The dissolubility of hydrophobic drug wherein in oil phase is at least greater than its 10 times of dissolubility in water; And

Non--ionic surfactant, non--ionic surfactant wherein and oil phase is selected and combination can make medicine form stable emulsion automatically after in importing to aqueous medium.

Be categorized as other medicine of II level in the biopharmacy categorizing system 30. the pharmaceutical preparation of claim 29, hydrophobic drug wherein are included in, and the dosage of medicine/stable volume is greater than 250ml.

31. the pharmaceutical preparation of claim 30, hydrophobic drug wherein be selected from mean diameter in all directions all less than the hydrophobic drug of about 1 μ m, about 0.5 μ m and about 0.2 μ m.

32. the pharmaceutical preparation of claim 1, fatty acid wherein accounts for the 35wt% to 45wt% of pharmaceutical preparation, and non--ionic surfactant accounts for the 25wt% to 45wt% of pharmaceutical preparation.

33. the pharmaceutical preparation of claim 32, pharmaceutical preparation wherein contains the hydrophobic drug that is dissolved in oil phase of first kind of amount and the hydrophobic drug with the form of nanoparticles suspendible of second kind of amount, and the hydrophobic drug of first kind of amount and second kind of amount accounts for the 10wt% to 40wt% of pharmaceutical preparation.

34. the pharmaceutical preparation of claim 29, pharmaceutical preparation wherein contains the surfactant of q.s, thereby can form stable microemulsion automatically after making pharmaceutical preparation in importing aqueous medium.

35. by the pharmaceutical preparation that hydrophobic drug nanometer suspension liquid forms, this pharmaceutical preparation contains:

The hydrophobic drug of form of nanoparticles, hydrophobic drug wherein comprise dosage/dissolubility volume greater than 250ml and be selected from mean diameter in all directions all less than the hydrophobic drug of 1 μ m, 0.5 μ m and 0.2 μ m;

The oil phase that contains saturated C8 to C12 fatty acid, the dissolubility of hydrophobic drug wherein in oil phase is greater than at least 100 times of its dissolubility in water; And

Non--ionic surfactant, non--ionic surfactant wherein and oil phase is selected and combination can make pharmaceutical preparation back in importing aqueous medium form stable microemulsion automatically.
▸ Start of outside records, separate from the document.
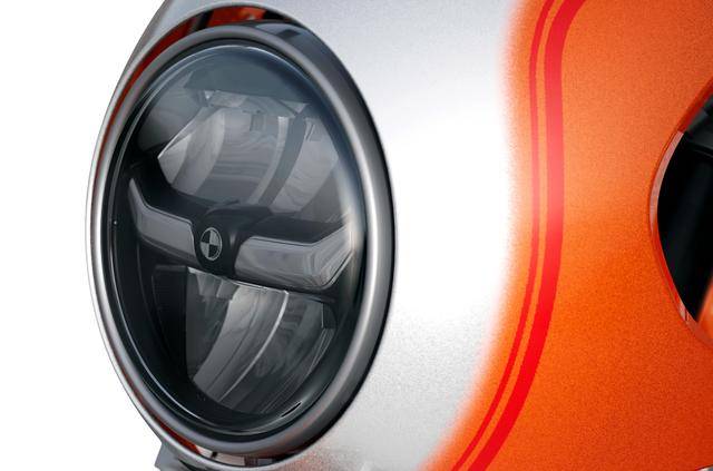 1、橙色為主的車身圖案、帶紅色縫線的鞍座,是用來(lái)傳遞參加 1975 年 AMA Daytona 200 時(shí)的賽車 R 90 S Daytona Orange 的元素;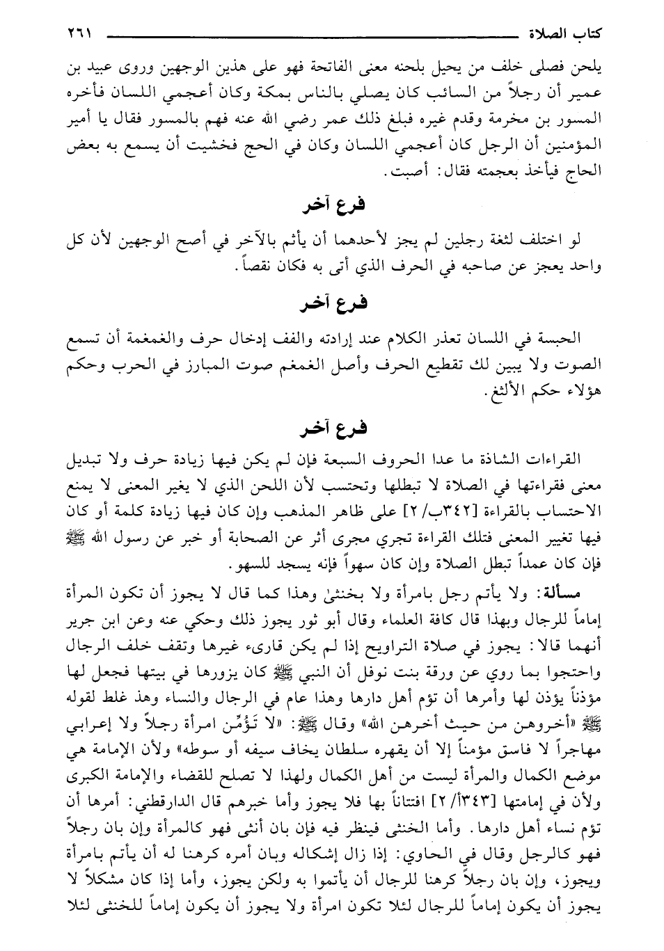 يلحن فصلى خلف من يحيل بلحنه معنى الفاتحة فهو على هذين الوجهين وروى عبيد بن عمير أن رجلاً من السائب كان يصلي بالناس بمكة وكان أعجمي اللسان فأخره المسور بن مخرمة وقدم غيره فبلغ ذلك عمر رضي الله عنه فهم بالمسور فقال يا أمير المؤمنين أن الرجل كان أعجمي اللسان وكان في الحج فخشيت أن يسمع به بعض الحاج فيأخذ بعجمته فقال: أصبت.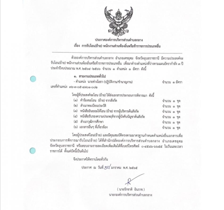 ประกาศองค์การบริหารส่วนตำบลกลาง เรื่อง การรับโอน (ย้าย) พนักงานส่วนท้องถิ่นหรือข้าราชการประเภทอื่น [18 มกราคม 2565]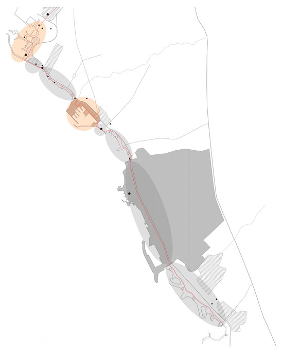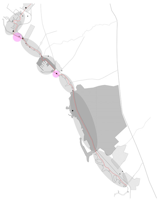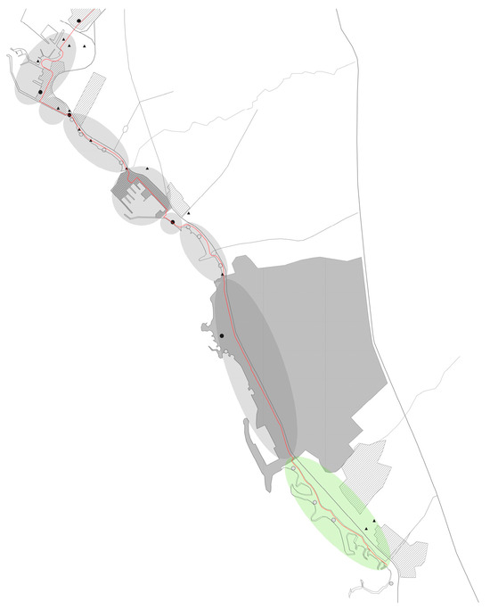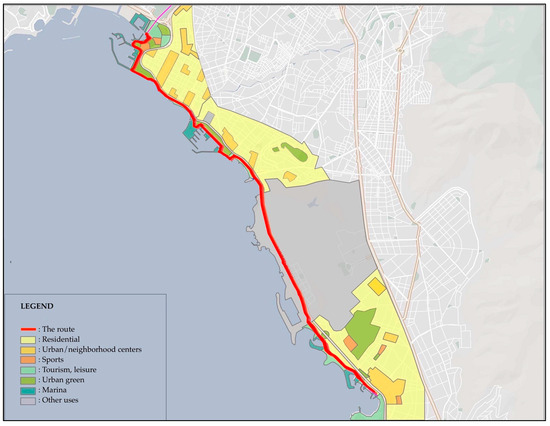 Most of the land uses around the route are recreational, with urban green space, marinas, and touristic/leisure activities (Figure 2). An important restriction of the chosen area, in terms of having access to the proposed design and/or suggesting ideas/interventions, is that a part of it (gray colored in Figure 2) is “The Ellinikon” project, which is under construction; thus, for this specific part, only a brief reference will be made.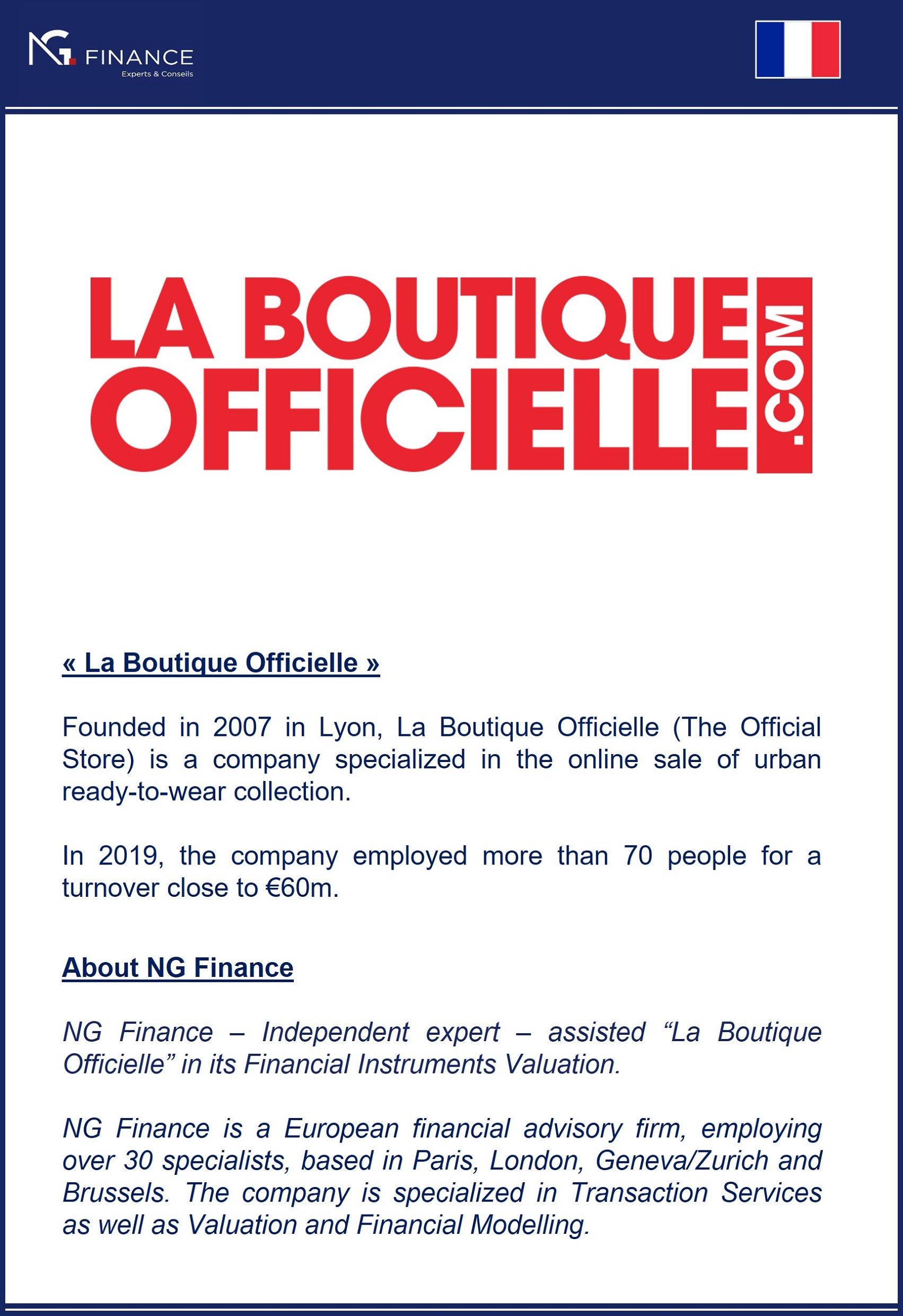 NG Finance a assisté la société “La Boutique Officielle” dans sa valorisation d’instruments financiers.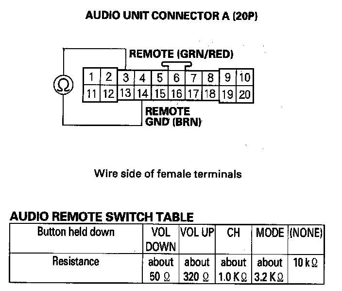 4. Measure the resistance between audio unit connector A (20P) No. 3 and No. 14 terminals as specified in the table.
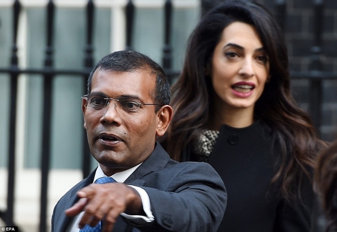 ކުރީގެ ރައީސް މުޙައްމަދު ނަޝީދާއި އެމަނިކުފާނުގެ ވަކީލު އާމާލް ކްލޫނީ ޑައުނިން ސްޓްރީޓް ނަމްބަރ10 ގެ ބޭރުގައި. ފޮޓޯ: ޑެއިލީ މެއިލް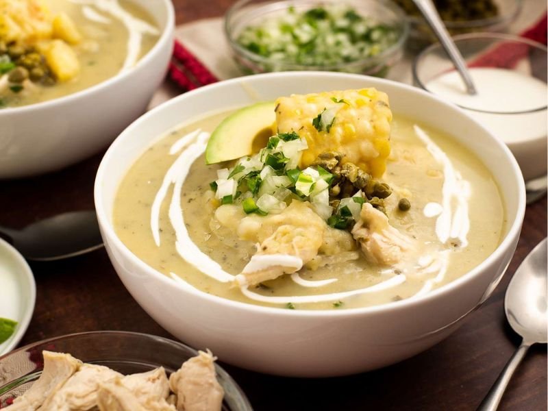 Ajiaco is a creamy chicken and potato soup from Bogotá. It has a special Colombian flavor because of guasca, a local herb added to the dish. The soup also includes corn and different types of potatoes, making it thick and hearty. Ajiaco is usually served with rice, avocado, and capers on the side. It’s a comforting meal, perfect for cool mornings or family gatherings. Colombians enjoy it because it fills you up and tastes like home. Ajiaco is a must-try for anyone exploring Colombian food, as it combines warmth, flavor, and tradition in every spoonful.

36. the pharmaceutical preparation of claim 35, fatty acid wherein accounts for the 35wt% to 45wt% of pharmaceutical preparation, and non--ionic surfactant accounts for the 25wt% to 45wt% of pharmaceutical preparation.

37. the pharmaceutical preparation of claim 36; pharmaceutical preparation wherein contains the hydrophobic drug that is dissolved in oil phase of first kind of amount and the hydrophobic drug as the nano-particle suspendible of second kind of amount, and the hydrophobic drug of first kind of amount and second kind of amount accounts for the 10wt% to 40wt% of pharmaceutical preparation.
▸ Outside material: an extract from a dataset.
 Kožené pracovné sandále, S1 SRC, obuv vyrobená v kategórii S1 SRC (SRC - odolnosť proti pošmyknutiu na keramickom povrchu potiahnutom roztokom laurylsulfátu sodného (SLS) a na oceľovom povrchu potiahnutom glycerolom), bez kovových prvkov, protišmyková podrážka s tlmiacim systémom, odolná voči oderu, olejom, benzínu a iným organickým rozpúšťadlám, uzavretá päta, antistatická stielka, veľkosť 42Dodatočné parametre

38. the pharmaceutical preparation of claim 1, hydrophobic drug wherein, oil phase and surfactant are selected and combination, this pharmaceutical preparation is compared with the fast dissolving dosage form of tablet, medicine, and when transmitting from controlled release form, the bioavailability of hydrophobic drug improves at least 4 times.

39. the pharmaceutical preparation of claim 29, hydrophobic drug wherein, oil phase and surfactant are selected and combination, this pharmaceutical preparation is compared with the fast dissolving dosage form of tablet, medicine, and the bioavailability of hydrophobic drug improves at least 4 times when transmitting from controlled release form.

40. the pharmaceutical preparation of claim 35, hydrophobic drug wherein, oil phase and surfactant are selected and combination, this pharmaceutical preparation is compared with the fast dissolving dosage form of tablet, medicine, and the bioavailability of hydrophobic drug improves at least 4 times when transmitting from controlled release form.